Below $500k – 2 $500k to $1mm – 2 $1mm to $2mm – 2 $2mm to $3mm – 2 Above $3mm – 1

So what this says is we are starting our investment positions in our portfolio companies with $1mm and under investments almost half of the time. And the $2.5mm to $3mm starting investment (traditionally the typical Series A round bite size) is only about one third of what we are doing these days.

That is a departure. Maybe a significant departure. But we are comfortable with it because we are seeing that we are able to obtain our target ownership levels of 15% to 20% even with these smaller investments (although sometimes it takes us a couple rounds to get there).

It also allows us to take more risk, whether it be management team risk, service adoption risk, market size risk, business model risk, or some other risk or combination of the above.

When the amount of capital we have at risk is low, we can try some things that we would not be comfortable trying with $2.5mm to $3mm invested. So it allows us to get involved in things that are farther out on the risk curve with potentially more upside if things work out.

The most important factor, however, is the capital efficiency we are seeing in our portfolio companies. They simply don’t need as much money as the companies we backed 5 years ago, 10 years ago, or 15 years ago. They may need as much capital when they become big businesses and need to invest to grow. But the clearly do not need as much capital to get from idea to commercial launch and to revenues.

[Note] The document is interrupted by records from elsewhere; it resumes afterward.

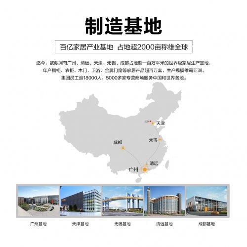 欧派家居集团拥有五大生产基地,20万平方米的全自动生产线,营销网络遍布全国,线下销售和服务门店超过 6000 家。
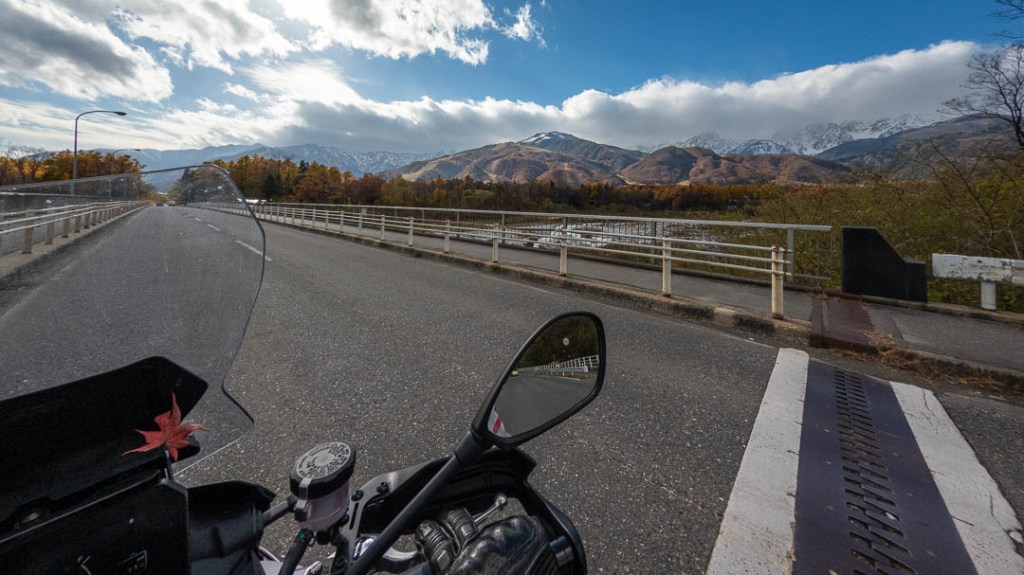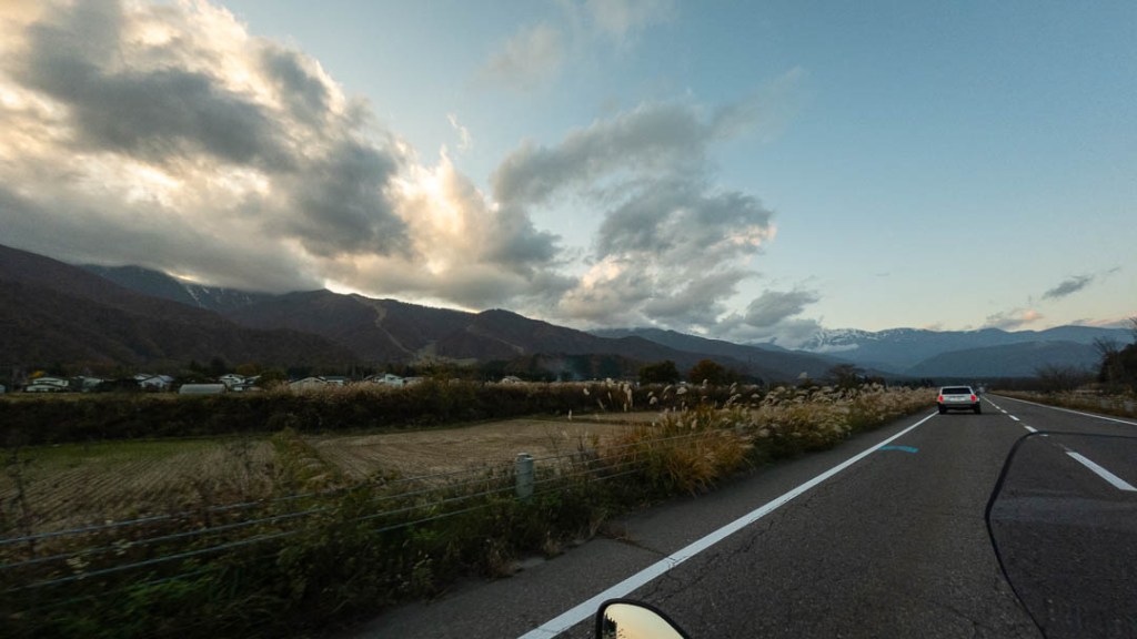 Cruzamos las localidades de Hakuba y Otari, que lucían su estilo de pueblo estrechamente ligado a la cultura de nieve y los deportes de invierno. Nuestro camino ahora se extendía junto al río Himekawa, el cual serpenteaba en el crepúsculo, acompañándonos con sus aguas en dirección al norte, mientras nos cambiábamos de orilla entre puentes y túneles.
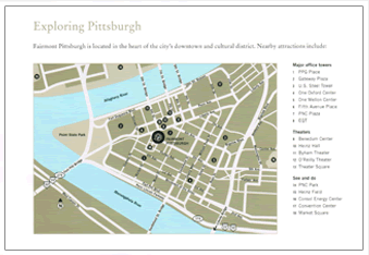 匹兹堡费尔蒙特酒店于2010年初开业,坐落于匹兹堡市文化和零售中心,是当地最新最美的豪华酒店。酒店周围剧院、运动场所和夜生活娱乐场所林立,费尔蒙特酒店其真正的核心所在,是其设计获得了美国绿色建筑协会授予的“能源与环境先导设计”称号(LEED)。
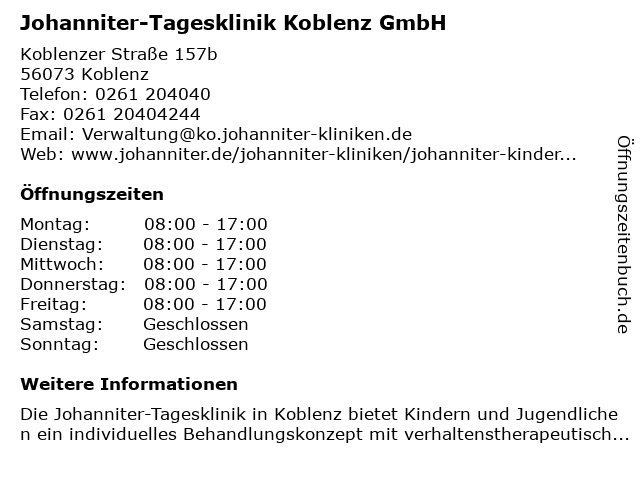 Branchen & Suchbegriffe zu Johanniter-Tagesklinik Koblenz GmbH:johanniter, tagesklinik |
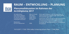 Wohin geht die Reise in der Raumplanung und welche räumlichen Entwicklungen stellen aktuell Herausforderungen dar? ExpertInnen aus Forschung, Verwaltung und Praxis diskutieren im Rahmen der ArchDiploma 2017 zu Instrumenten, Akteurskonstellationen und Prozessen der Raumgestaltung aus verschiedenen Perspektiven. DIin Esther Böhm (Büro Dr Paula)
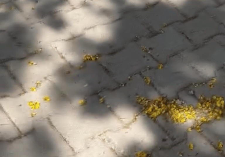 Erano i fiori del Cassia Fistula, caduti silenziosi come una pioggia d’oro d’estate.

We could go into all the reasons why that is the case, but we have addressed them in the past on this blog and elsewhere and we want to keep these posts relatively short and sweet.

We are generally not putting up all the capital in the rounds we are leading. We often will take between 50% and 60% of the round. We have done closer to 80% of the round in a couple of situations. We like to find another venture capital firm to invest alongside of us in these rounds, but given the deal sizes, that sometimes will not work and we have invested alongside angels in three of our initial investments. We have also partnered with strategic investors three times.

So you can multiply the numbers in the list at the ning of this post by 1.5 to 2x to see the typical round sizes we are leading. That said, we have not participated in an initial round larger than $5mm yet in this fund. That is not to say we wouldn’t do it, but we haven’t yet and it would take something particularly interesting to get us to do it.

Does this make Union Square Ventures a “seed fund”. We don’t think so. We have led investments in companies with significant revenues on multiple occasions. And we think we will be able to (over time) get $5mm to $8mm invested in our portfolio companies and we are already there with one of them . We can invest up to $20mm in any single company in the portfolio. So we are not a “seed fund”.

We think this approach makes us an early stage fund that believes in raising only enough money to achieve a set of near term milestones which should significantly impact valuation. That’s really classic early stage investing. Only we think we may now be able to start with a lot less at risk in the markets we are focusing on. And that’s a good thing.